Second, Mr. Dinoffs qualifications and expertise — unchallenged or not
— do not disturb this analysis. This Court did not grant Omni summary judgment because Mr. Dinoff lacked expertise or was unqualified. Rather, as discussed above, even an otherwise qualified expert must still present an adequate basis describing how the expert reached the specific opinion at issue. Mr. Dinoffs separate expertise did not suffice to provide that basis. Furthermore, Mr, Dinoffs unchallenged expertise was already before the Court in this Court’s prior opinion, and thus cannot justify reconsideration now.

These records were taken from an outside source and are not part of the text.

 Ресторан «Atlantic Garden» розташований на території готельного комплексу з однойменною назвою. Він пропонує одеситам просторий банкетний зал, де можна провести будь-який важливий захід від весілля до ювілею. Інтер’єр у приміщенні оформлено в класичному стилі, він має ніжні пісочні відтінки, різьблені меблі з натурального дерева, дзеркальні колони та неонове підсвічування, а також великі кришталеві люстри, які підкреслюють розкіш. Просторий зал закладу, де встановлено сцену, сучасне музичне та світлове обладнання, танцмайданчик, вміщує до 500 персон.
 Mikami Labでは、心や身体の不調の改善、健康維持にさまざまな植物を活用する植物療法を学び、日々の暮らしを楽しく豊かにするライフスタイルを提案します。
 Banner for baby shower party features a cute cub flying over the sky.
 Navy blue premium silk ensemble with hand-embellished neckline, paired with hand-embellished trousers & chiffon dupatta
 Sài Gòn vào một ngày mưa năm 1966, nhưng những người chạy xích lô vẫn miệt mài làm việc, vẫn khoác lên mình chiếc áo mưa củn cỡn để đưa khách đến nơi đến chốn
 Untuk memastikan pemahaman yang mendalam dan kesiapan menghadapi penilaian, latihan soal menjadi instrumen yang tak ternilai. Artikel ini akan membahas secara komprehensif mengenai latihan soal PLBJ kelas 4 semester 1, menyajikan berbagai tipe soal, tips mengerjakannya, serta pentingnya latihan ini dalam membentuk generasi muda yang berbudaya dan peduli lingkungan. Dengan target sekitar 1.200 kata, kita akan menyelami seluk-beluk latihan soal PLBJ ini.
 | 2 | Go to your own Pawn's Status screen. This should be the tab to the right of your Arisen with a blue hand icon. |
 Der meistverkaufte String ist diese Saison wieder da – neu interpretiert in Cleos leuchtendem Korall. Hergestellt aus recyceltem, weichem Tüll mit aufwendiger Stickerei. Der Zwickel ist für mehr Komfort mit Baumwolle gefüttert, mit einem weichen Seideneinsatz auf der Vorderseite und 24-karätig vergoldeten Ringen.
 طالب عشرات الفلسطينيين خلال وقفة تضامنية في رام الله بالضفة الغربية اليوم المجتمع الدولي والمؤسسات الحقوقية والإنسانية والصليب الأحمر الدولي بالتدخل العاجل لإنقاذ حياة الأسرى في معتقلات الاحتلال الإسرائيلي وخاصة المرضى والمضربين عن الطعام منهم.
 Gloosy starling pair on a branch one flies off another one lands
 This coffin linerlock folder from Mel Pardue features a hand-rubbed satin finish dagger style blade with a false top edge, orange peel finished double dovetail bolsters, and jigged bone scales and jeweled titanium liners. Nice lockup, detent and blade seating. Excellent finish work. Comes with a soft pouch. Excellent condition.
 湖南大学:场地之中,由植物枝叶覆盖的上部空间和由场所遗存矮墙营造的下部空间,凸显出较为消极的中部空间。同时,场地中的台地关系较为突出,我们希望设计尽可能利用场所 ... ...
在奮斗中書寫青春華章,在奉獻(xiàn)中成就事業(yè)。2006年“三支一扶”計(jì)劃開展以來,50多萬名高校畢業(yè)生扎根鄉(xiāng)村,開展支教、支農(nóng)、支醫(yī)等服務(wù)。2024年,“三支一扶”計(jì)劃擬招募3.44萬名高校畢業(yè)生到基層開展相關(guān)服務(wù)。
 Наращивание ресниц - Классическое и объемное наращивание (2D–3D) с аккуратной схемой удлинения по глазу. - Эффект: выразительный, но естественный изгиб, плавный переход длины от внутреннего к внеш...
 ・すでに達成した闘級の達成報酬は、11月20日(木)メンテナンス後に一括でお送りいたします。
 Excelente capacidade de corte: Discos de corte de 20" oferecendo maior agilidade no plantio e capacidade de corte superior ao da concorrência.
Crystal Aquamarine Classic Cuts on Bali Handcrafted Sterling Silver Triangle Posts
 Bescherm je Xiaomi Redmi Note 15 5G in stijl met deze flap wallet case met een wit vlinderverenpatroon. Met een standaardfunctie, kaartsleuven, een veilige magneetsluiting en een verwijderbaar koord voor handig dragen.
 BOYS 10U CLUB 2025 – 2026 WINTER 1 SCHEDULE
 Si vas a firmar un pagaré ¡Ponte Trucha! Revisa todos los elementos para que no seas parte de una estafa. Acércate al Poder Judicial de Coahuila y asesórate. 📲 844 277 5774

See Turner v. Dep’t of Interior,
No. 05-1543, 2007 WL 2982722, at *2 (D.D.C. Oct. 12, 2007) (“A motion for reconsideration will not be granted if a party is simply attempting to renew factual or legal arguments that it asserted in its original briefs and that were already rejected by the Court.” (quoting
Pearson v. Thompson,
141 F.Supp.2d 105, 107 (D.D.C. 2001))). The Court thus declines to alter or amend its prior grant of summary judgment for Omni because Ms. Martin has not identified any cognizable basis for reconsideration under Rule 59(e).
V. CONCLUSION
For the foregoing reasons, Plaintiffs Motion for Reconsideration (EOF No. 21) is DENIED. An order consistent with this Memorandum Opinion is separately and contemporaneously issued.